** Available data follows **

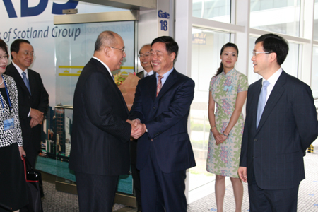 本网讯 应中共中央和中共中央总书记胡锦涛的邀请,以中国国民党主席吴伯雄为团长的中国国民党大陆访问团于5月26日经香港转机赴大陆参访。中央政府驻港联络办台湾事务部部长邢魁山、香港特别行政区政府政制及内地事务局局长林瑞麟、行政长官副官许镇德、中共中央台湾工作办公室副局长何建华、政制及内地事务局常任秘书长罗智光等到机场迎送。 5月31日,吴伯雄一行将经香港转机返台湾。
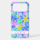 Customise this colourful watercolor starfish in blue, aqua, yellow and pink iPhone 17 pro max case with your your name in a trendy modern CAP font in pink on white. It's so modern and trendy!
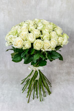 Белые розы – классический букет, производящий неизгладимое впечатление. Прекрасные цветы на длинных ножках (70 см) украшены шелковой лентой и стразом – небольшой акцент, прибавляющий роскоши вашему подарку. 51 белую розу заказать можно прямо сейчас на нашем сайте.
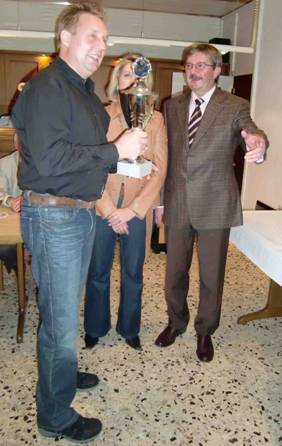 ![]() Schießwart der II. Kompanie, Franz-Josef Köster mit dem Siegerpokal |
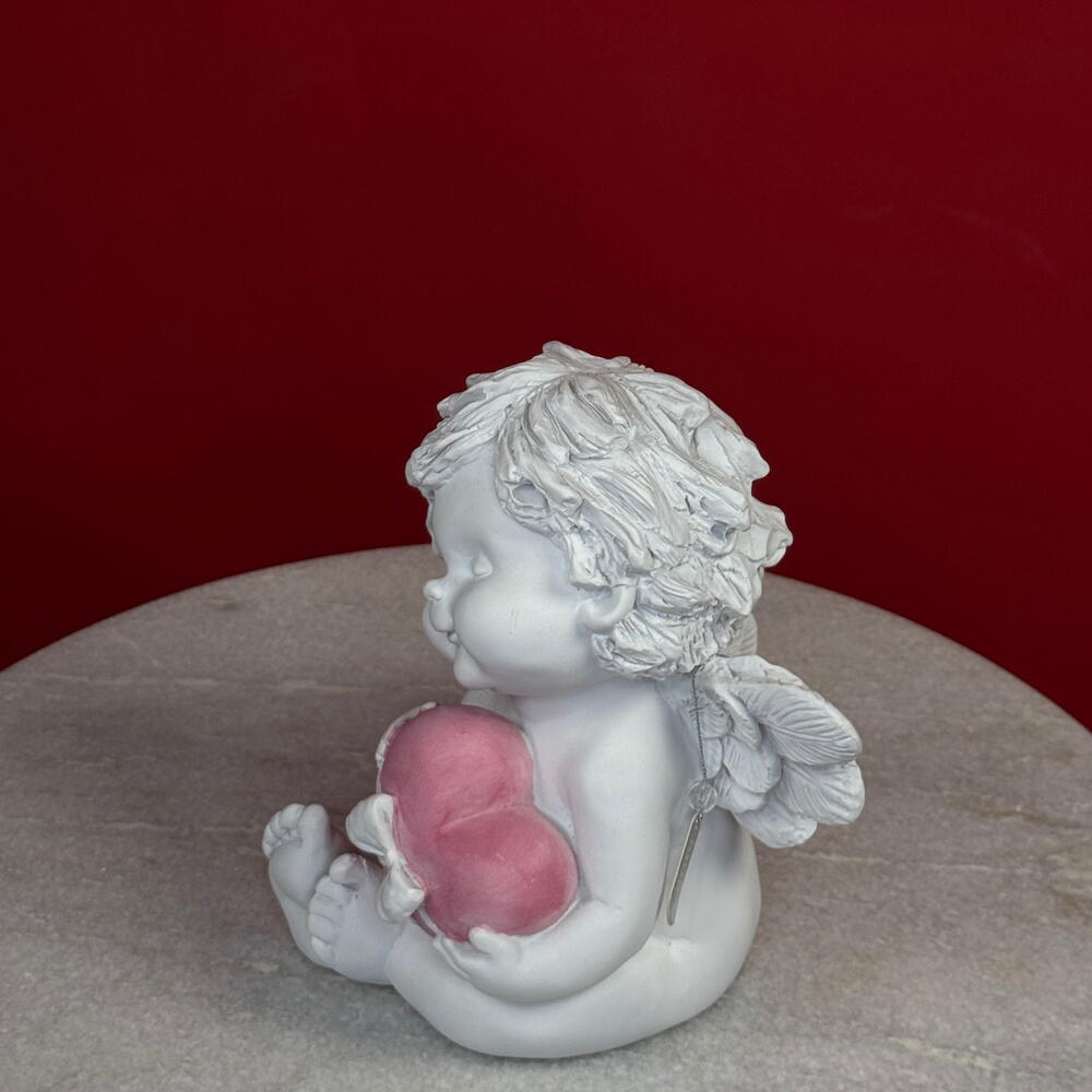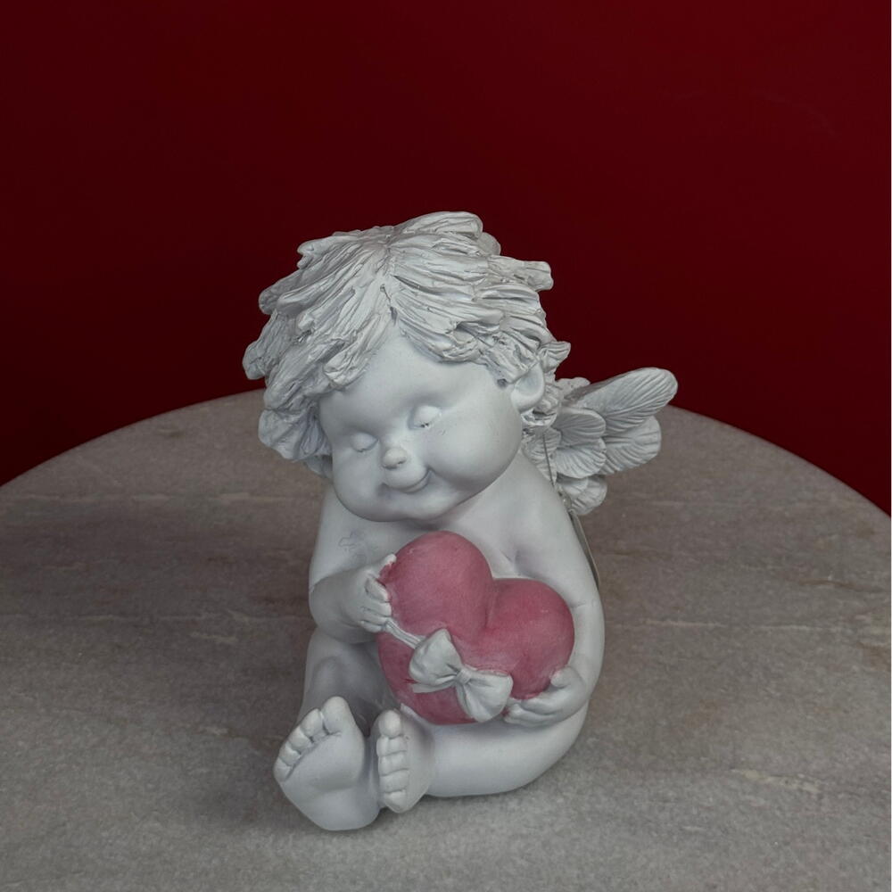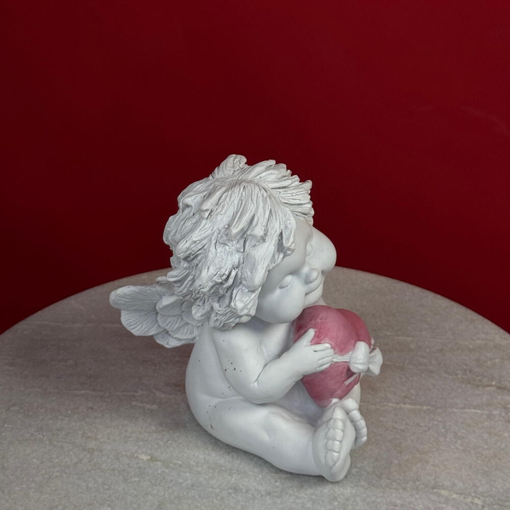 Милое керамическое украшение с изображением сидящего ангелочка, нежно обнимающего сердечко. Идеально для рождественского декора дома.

** End of Available data **

Copy the lines of the records, beginning where the line containing "Белые розы –" appears and continuing through the final line, exactly and with no pictures.

*Response*.
 Белые розы – классический букет, производящий неизгладимое впечатление. Прекрасные цветы на длинных ножках (70 см) украшены шелковой лентой и стразом – небольшой акцент, прибавляющий роскоши вашему подарку. 51 белую розу заказать можно прямо сейчас на нашем сайте.
 ![]() Schießwart der II. Kompanie, Franz-Josef Köster mit dem Siegerpokal |
 Милое керамическое украшение с изображением сидящего ангелочка, нежно обнимающего сердечко. Идеально для рождественского декора дома.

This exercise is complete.